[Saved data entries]
* * * * *
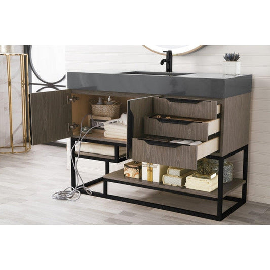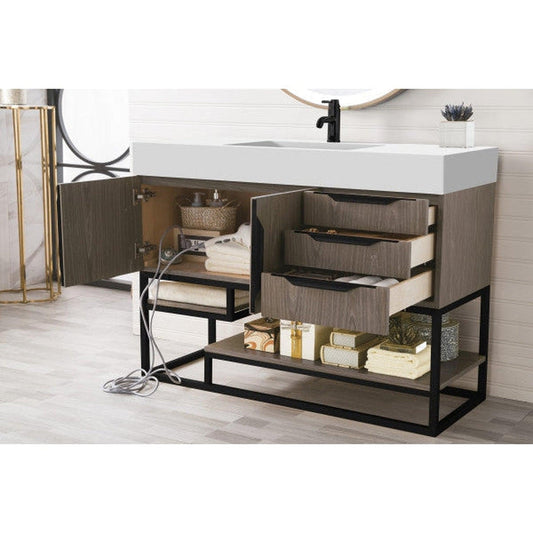 James Martin Columbia 48" Single Ash Gray Bathroom Vanity With Matte Black Hardware and 6" Glossy White Composite Countertop
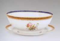 碗敞口,口沿藍(lán)彩上有描金紋飾。碗外壁繪紅玫瑰,配以蘭、黃色小花和綠色枝葉,邊有瑞典文“安娜”。
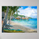 Poster avec la peinture de beaux bungalows sur l'eau assis au bord d'une eau turquoise magnifique sur une plage tropicale paisible à Bora Bora
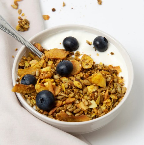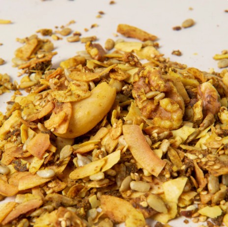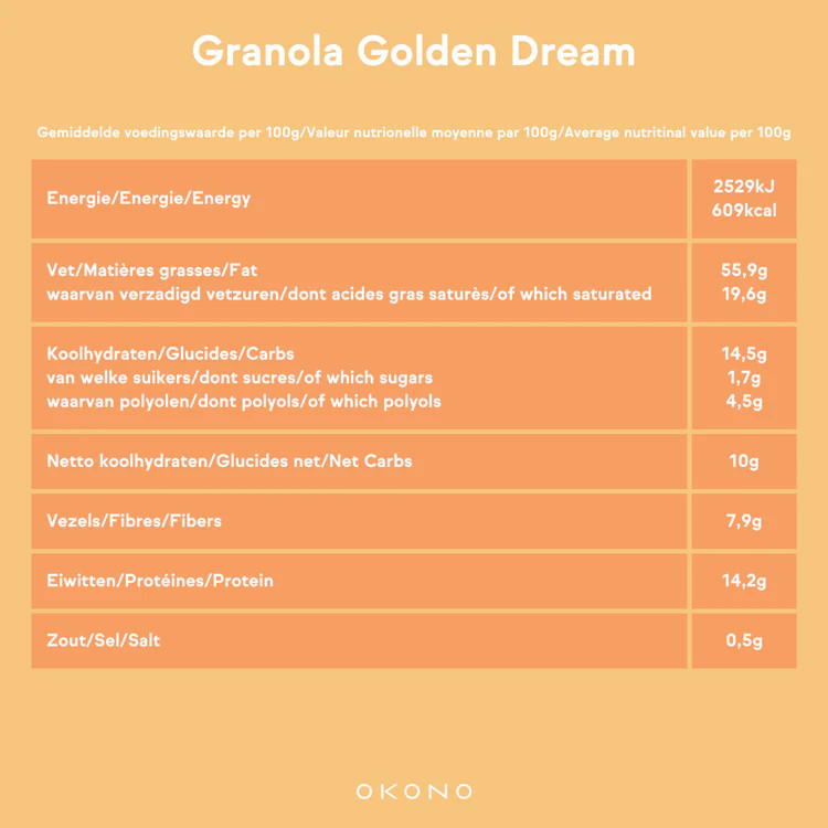 Zonnebloempitten, Kokosvlokken, Paranoten, Sesamzaad, Amandelschaafsel, Kokosnootolie, Zoetstof: Erythritol, Lijnzaad, Pinda's, Walnoten, Kurkuma (1,5%), Gemberpoeder (0,9%), Kaneel, Zeezout.
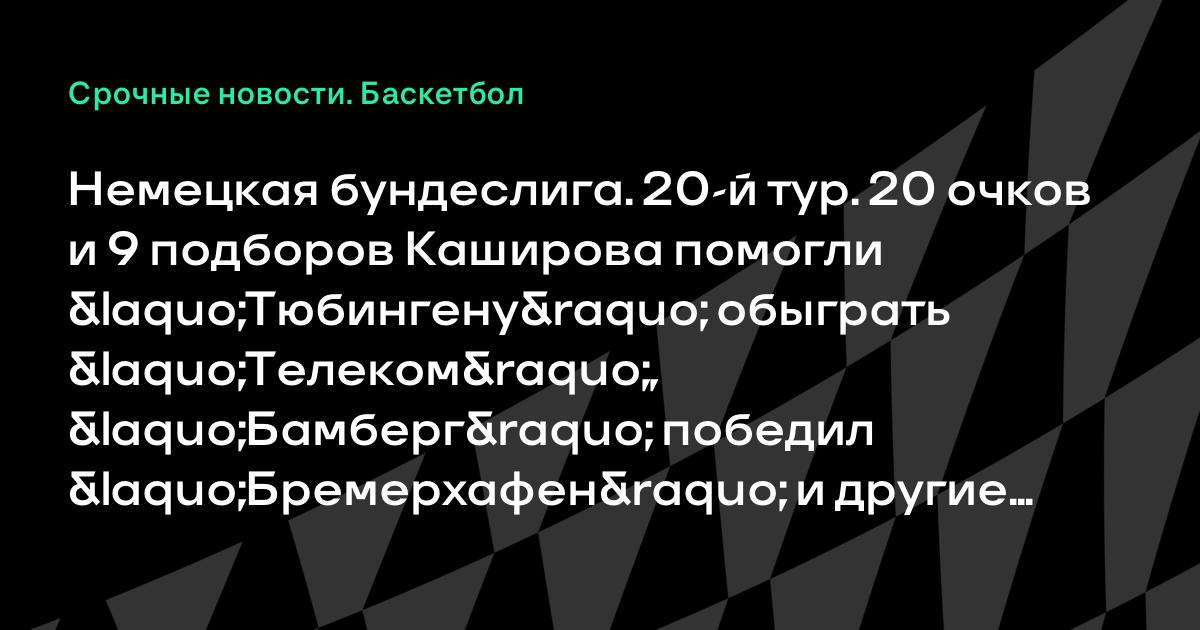 Немецкая бундеслига. 20-й тур. 20 очков и 9 подборов Каширова помогли «Тюбингену» обыграть «Телеком», «Бамберг» победил «Бремерхафен» и другие результаты
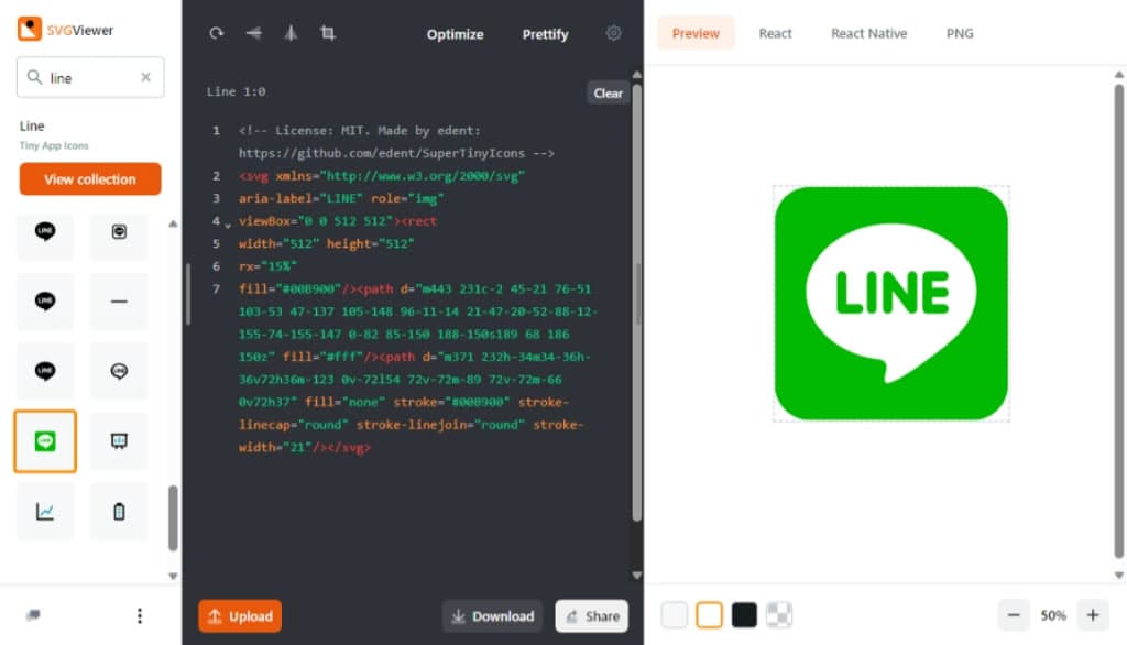 SVGViewer 是一個很實用的線上 SVG 檢視器,使用者可以直接上傳 SVG 圖檔或是貼上 SVG 的 XML 描述文字,便可以查看該 SVG 圖像,除此之外,SVGViewer 還可以對圖像進行方向旋轉、調整尺寸、最佳化及美化,有效減少 SVG 圖檔大小,另外,亦可轉檔為 PNG 圖片格式,或是轉換成 React、React Native 使用的 JSX 格式,非常方便。如果想要分享 SVG 檔案,也有提供產生分享鏈結功能。
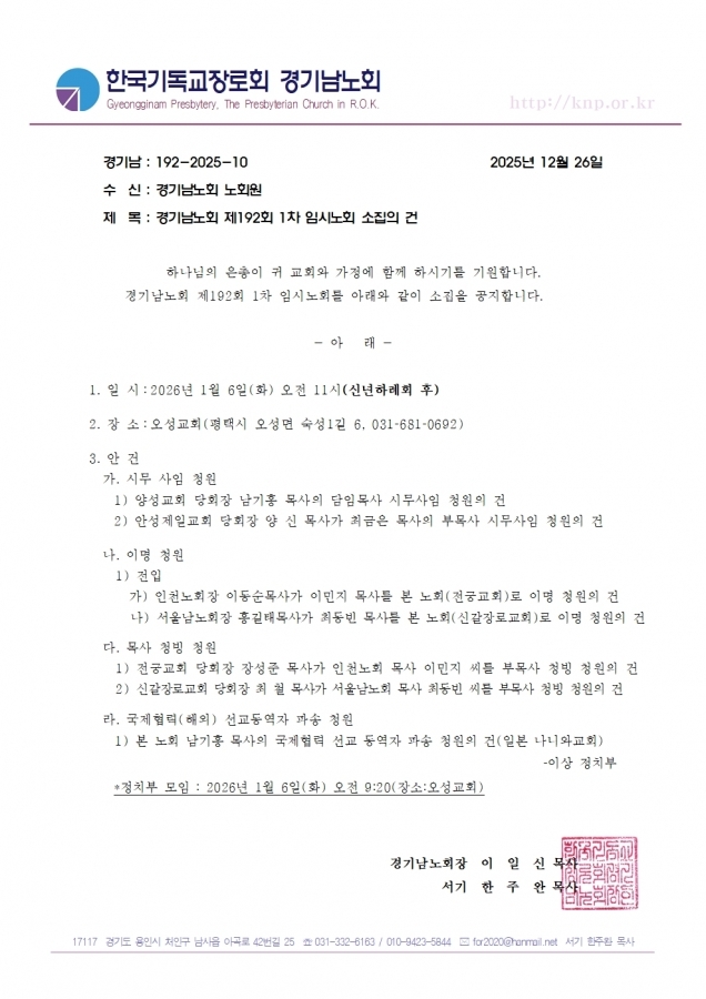 [노회서기부] 192회기 1차 임시노회 소집의 건
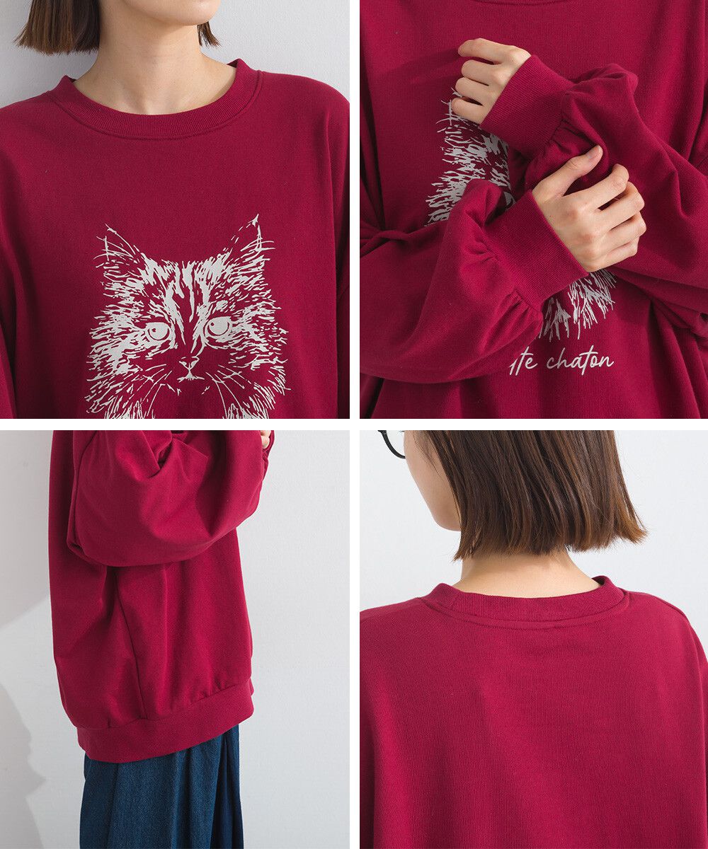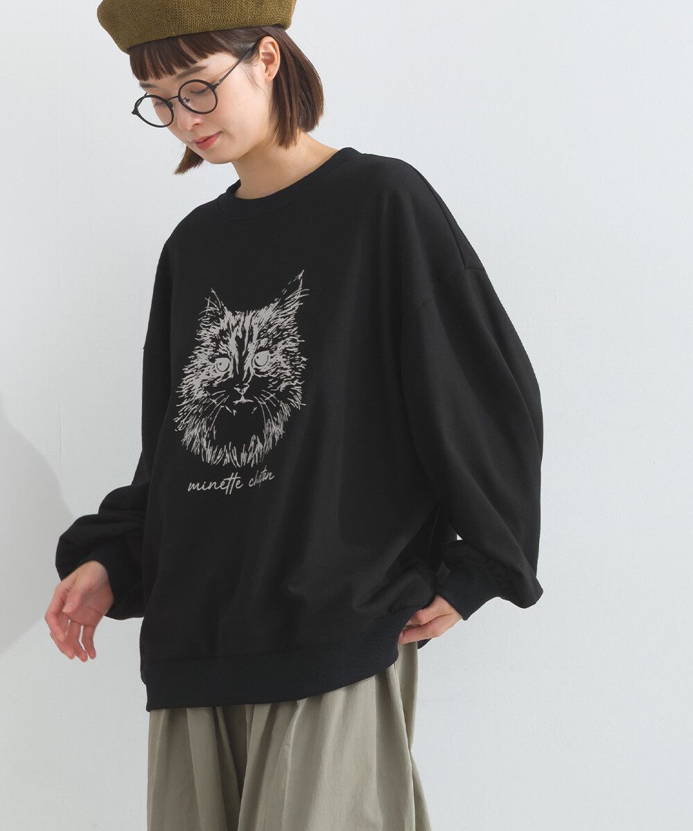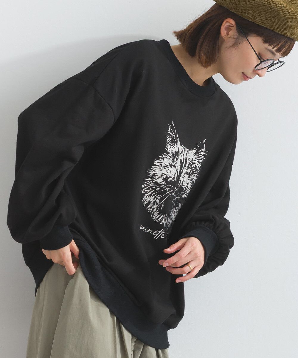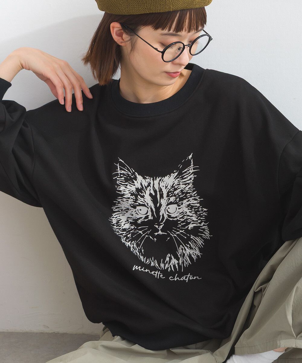 日本 Lupilien - 線條貓咪印花裏毛長袖上衣-黑
* * * * *
Using the records above, print exactly the run of lines that starts with the line with "SVGViewer 是一個很實用的線上 SVG" and goes on through the line with "[노회서기부] 192회기 1차 임시노회 소집의 건", pictures excluded.

 SVGViewer 是一個很實用的線上 SVG 檢視器,使用者可以直接上傳 SVG 圖檔或是貼上 SVG 的 XML 描述文字,便可以查看該 SVG 圖像,除此之外,SVGViewer 還可以對圖像進行方向旋轉、調整尺寸、最佳化及美化,有效減少 SVG 圖檔大小,另外,亦可轉檔為 PNG 圖片格式,或是轉換成 React、React Native 使用的 JSX 格式,非常方便。如果想要分享 SVG 檔案,也有提供產生分享鏈結功能。
 [노회서기부] 192회기 1차 임시노회 소집의 건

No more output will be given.